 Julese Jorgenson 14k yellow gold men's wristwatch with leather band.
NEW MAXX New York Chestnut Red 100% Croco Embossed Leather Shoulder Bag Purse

============================================================

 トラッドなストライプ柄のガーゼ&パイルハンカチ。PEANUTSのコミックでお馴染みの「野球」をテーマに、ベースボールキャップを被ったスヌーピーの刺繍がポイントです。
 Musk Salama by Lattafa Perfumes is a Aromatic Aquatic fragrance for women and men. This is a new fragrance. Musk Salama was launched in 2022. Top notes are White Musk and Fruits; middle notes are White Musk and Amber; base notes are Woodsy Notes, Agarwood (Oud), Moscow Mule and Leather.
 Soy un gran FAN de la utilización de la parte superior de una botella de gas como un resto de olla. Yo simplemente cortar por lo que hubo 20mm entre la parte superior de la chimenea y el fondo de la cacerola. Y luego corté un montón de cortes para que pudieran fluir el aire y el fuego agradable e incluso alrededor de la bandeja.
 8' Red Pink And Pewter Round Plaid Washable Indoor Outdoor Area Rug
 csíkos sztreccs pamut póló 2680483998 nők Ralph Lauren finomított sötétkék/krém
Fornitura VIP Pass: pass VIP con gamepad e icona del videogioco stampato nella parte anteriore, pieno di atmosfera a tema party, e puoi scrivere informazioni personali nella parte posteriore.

============================================================

> [DESCRIPTION OF THE TASK] Which lines above contain the word "parte"? Show each of them.

> [RESPONSE AREA]
 Soy un gran FAN de la utilización de la parte superior de una botella de gas como un resto de olla. Yo simplemente cortar por lo que hubo 20mm entre la parte superior de la chimenea y el fondo de la cacerola. Y luego corté un montón de cortes para que pudieran fluir el aire y el fuego agradable e incluso alrededor de la bandeja.
Fornitura VIP Pass: pass VIP con gamepad e icona del videogioco stampato nella parte anteriore, pieno di atmosfera a tema party, e puoi scrivere informazioni personali nella parte posteriore.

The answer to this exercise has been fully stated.